▶ **WHAT IS REQUIRED**: Starting at the line containing "森林整備活動でしっかり体を動" and ending at the line containing "The decision between", transcribe the listing below exactly. Keep both end lines, skip the pictures, and copy nothing else.

▶ **RECORDS TO USE**:
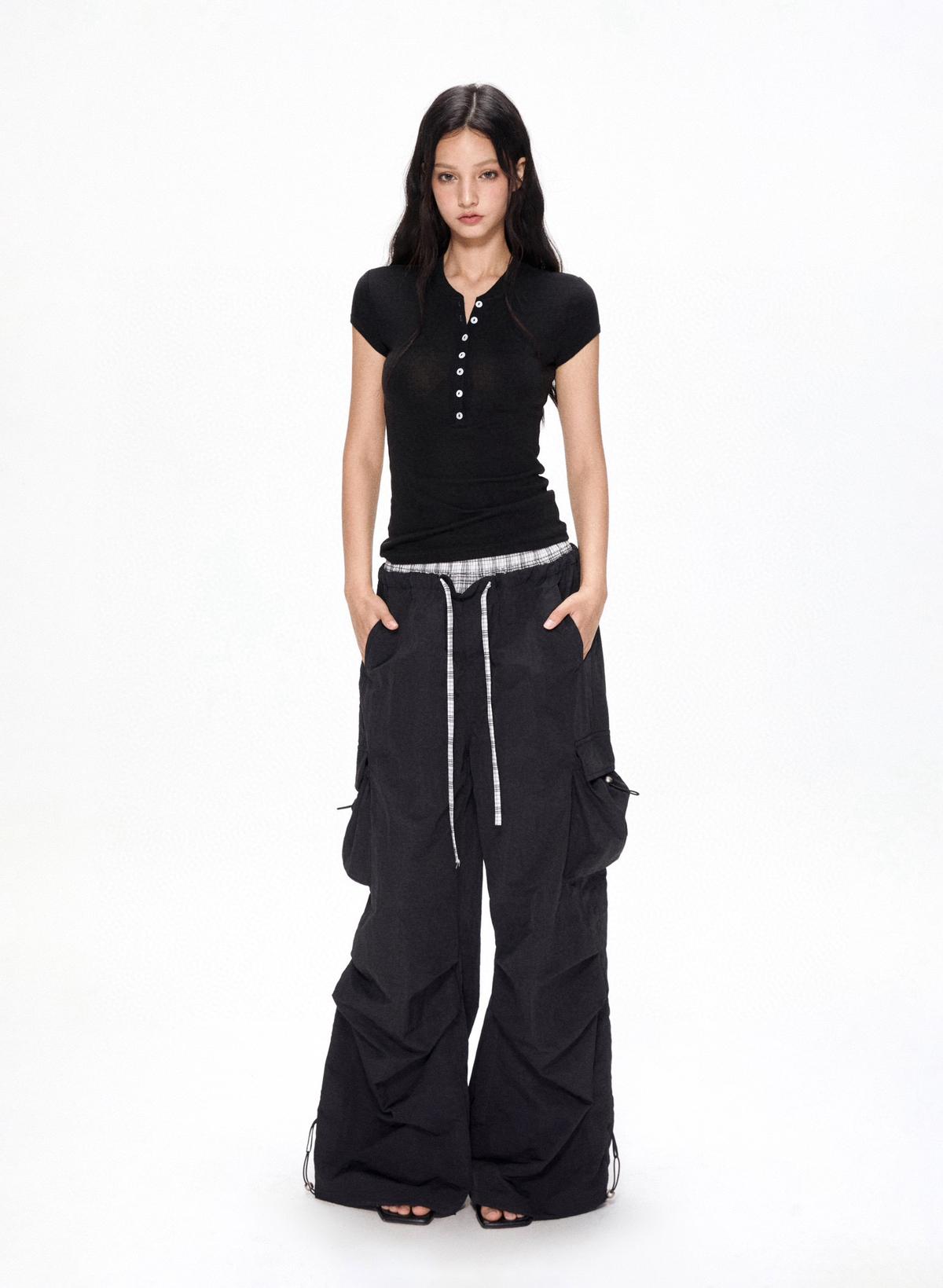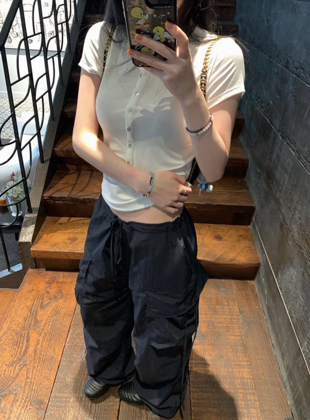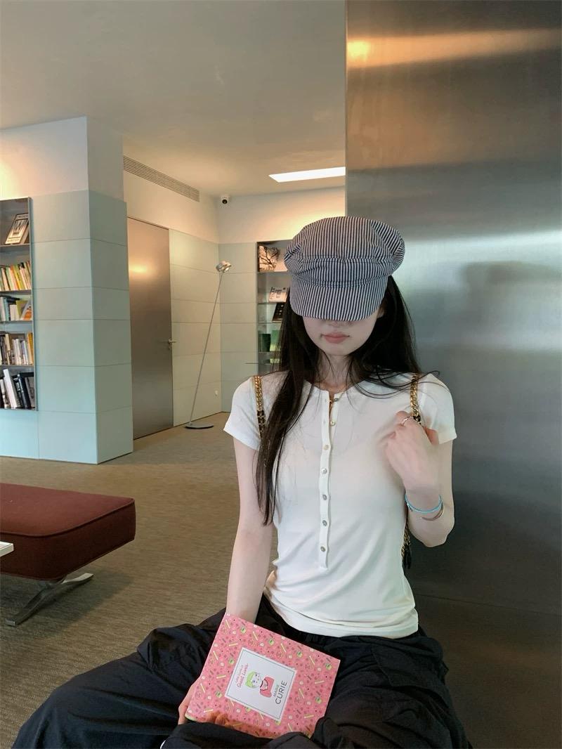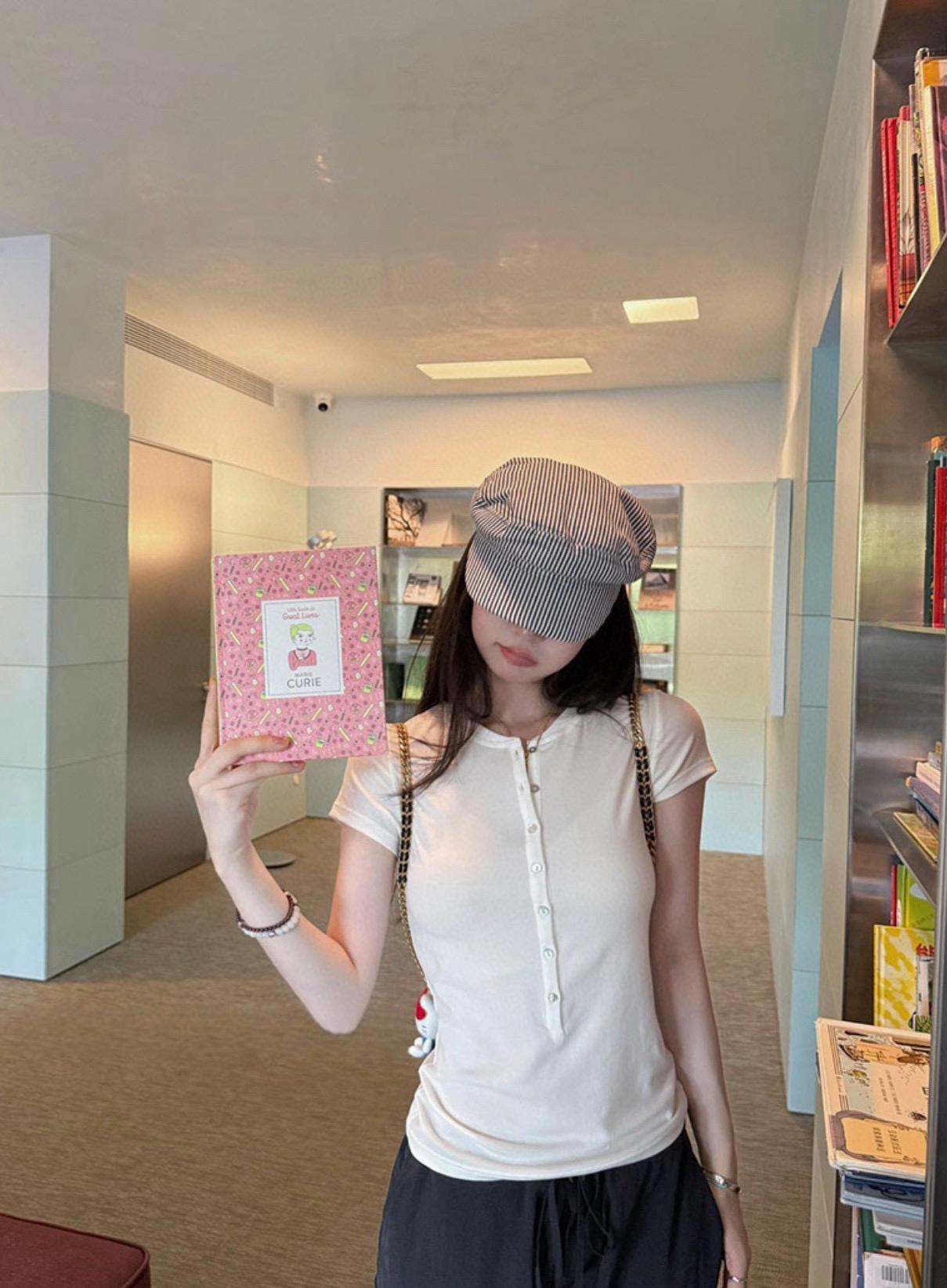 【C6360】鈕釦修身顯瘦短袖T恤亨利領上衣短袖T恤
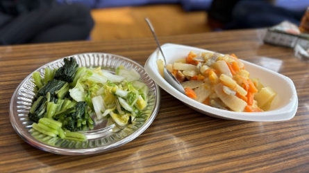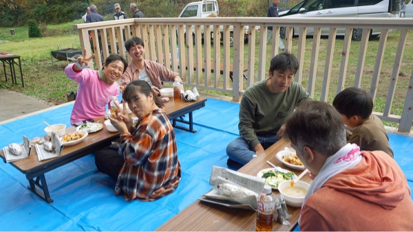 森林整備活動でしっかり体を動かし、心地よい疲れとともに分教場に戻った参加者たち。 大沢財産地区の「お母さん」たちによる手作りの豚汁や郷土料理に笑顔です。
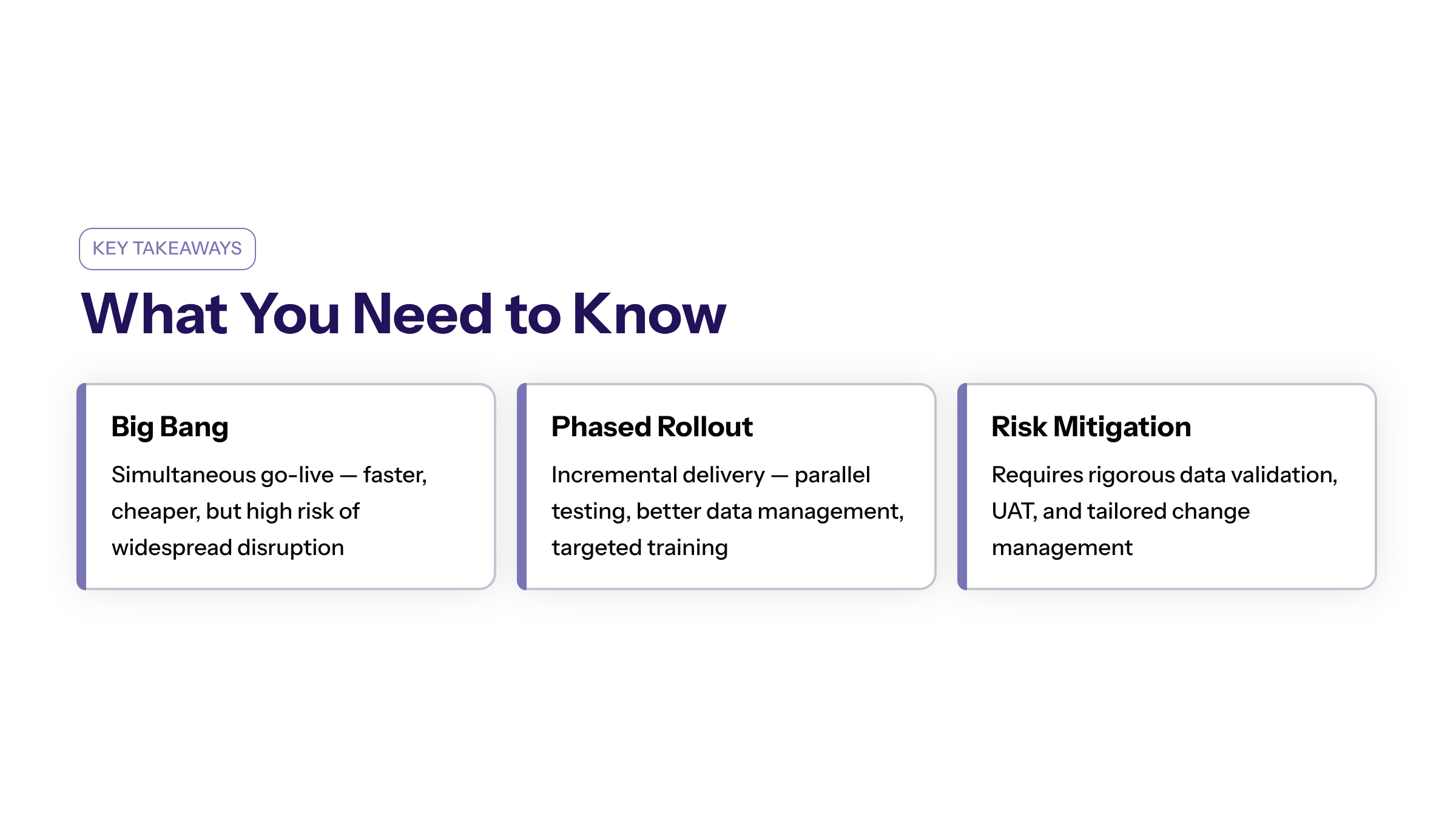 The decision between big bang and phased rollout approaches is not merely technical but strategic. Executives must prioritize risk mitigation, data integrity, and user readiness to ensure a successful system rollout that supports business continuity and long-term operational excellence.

...

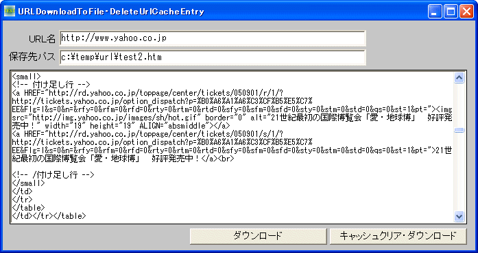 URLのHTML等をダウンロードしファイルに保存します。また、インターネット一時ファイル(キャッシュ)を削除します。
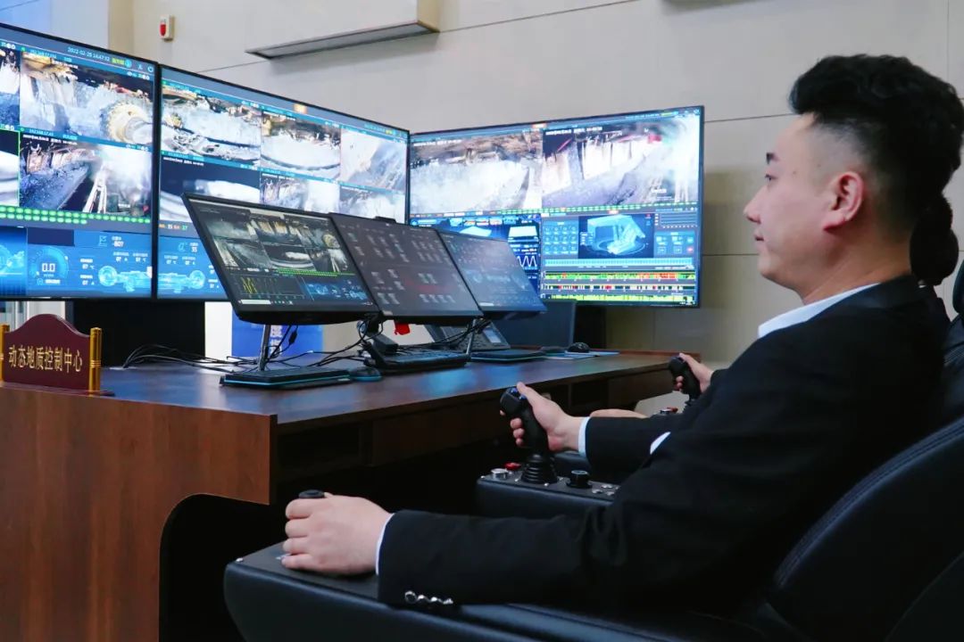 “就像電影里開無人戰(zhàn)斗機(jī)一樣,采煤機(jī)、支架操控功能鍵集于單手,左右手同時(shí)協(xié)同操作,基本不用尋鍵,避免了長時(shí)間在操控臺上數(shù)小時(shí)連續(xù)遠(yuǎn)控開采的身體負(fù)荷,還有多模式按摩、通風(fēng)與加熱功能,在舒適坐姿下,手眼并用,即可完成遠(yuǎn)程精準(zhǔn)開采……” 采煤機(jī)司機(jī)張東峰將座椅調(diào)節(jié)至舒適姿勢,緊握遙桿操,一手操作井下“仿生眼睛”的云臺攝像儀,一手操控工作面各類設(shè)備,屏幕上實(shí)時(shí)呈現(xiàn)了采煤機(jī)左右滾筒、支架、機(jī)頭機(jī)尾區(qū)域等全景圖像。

▶ **ANSWER TO THIS EXERCISE**:
 森林整備活動でしっかり体を動かし、心地よい疲れとともに分教場に戻った参加者たち。 大沢財産地区の「お母さん」たちによる手作りの豚汁や郷土料理に笑顔です。
 The decision between big bang and phased rollout approaches is not merely technical but strategic. Executives must prioritize risk mitigation, data integrity, and user readiness to ensure a successful system rollout that supports business continuity and long-term operational excellence.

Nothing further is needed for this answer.